When submitting a PR please make sure to NOT commit the changes mentioned in these steps, instead once testing is done make sure to revert the changes and then submit a pr.

  1. Build the project with the intended profiles via the mvn cli, for example for spark 3.2 use mvn clean package -Dspark3.2 -Dscala-2.12 -DskipTests.
  2. Install the "Maven Helper" plugin from the Intellij IDE.
  3. Make sure IDEA uses Maven to build/run tests:
    • You need to select the intended Maven profiles (using Maven tool pane in IDEA): select profiles you are targeting for example spark2.4 and scala-2.11 or spark3.2, scala-2.12 etc.
    • Add .mvn/maven.config file at the root of the repo w/ the the profiles you selected in the pane: -Dspark3.2 -Dscala-2.12
    • Add .mvn/ to the .gitignore file located in the root of the project.
  4. Make sure you change (temporarily) the scala.binary.version in the root pom.xml to the intended scala profile version. For example if running with spark3 scala.binary.version should be 2.12
  5. Finally right click on the unit test's method signature you are trying to run, there should be an option with a mvn symbol that allows you to run <test-name>, as well as an option to debug <test-name>.

Docker Setup

We encourage you to test your code on docker cluster please follow this for docker setup.

Remote Debugging

if your code fails on docker cluster you can remotely debug your code please follow the below steps.

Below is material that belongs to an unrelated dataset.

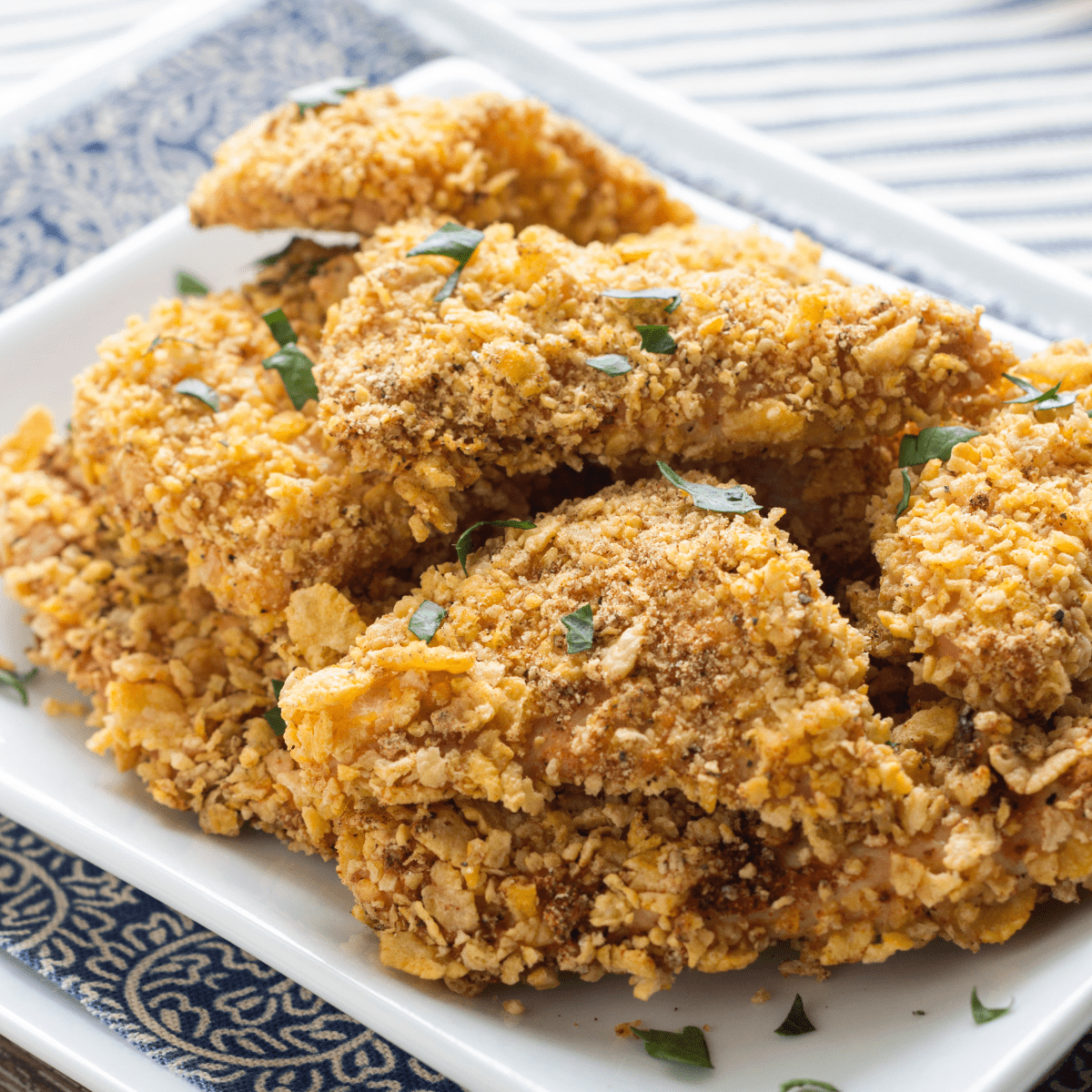 Crispy fried chicken recipe on a white plate that is sitting on top of a blue plate

Step 1 :- Run your Delta Streamer Job with --conf as defined this will ensure to wait till you attach your intellij with Remote Debugging on port 4044

spark-submit \
--conf spark.driver.extraJavaOptions="-Dconfig.resource=myapp.conf -agentlib:jdwp=transport=dt_socket,server=y,suspend=y,address=4044" \
--class org.apache.hudi.utilities.deltastreamer.HoodieDeltaStreamer $HUDI_UTILITIES_BUNDLE \
--table-type COPY_ON_WRITE \
--source-class org.apache.hudi.utilities.sources.JsonKafkaSource \
--source-ordering-field ts \
--base-file-format parquet \
--target-base-path /user/hive/warehouse/stock_ticks_cow \
--target-table stock_ticks_cow --props /var/demo/config/kafka-source.properties \
--schemaprovider-class org.apache.hudi.utilities.schema.FilebasedSchemaProvider

Step 2 :- Attaching Intellij (tested on Intellij Version > 2019. this steps may change acc. to intellij version)

  • Come to Intellij --> Edit Configurations -> Remote -> Add Remote - > Put Below Configs -> Apply & Save -> Put Debug Point -> Start.
  • Name : Hudi Remote
  • Port : 4044
  • Command Line Args for Remote JVM : -agentlib:jdwp=transport=dt_socket,server=y,suspend=n,address=4044
  • Use Module ClassPath : select hudi

Website

Apache Hudi site is hosted on a special asf-site branch. Please follow the README file under docs on that branch for instructions on making changes to the website.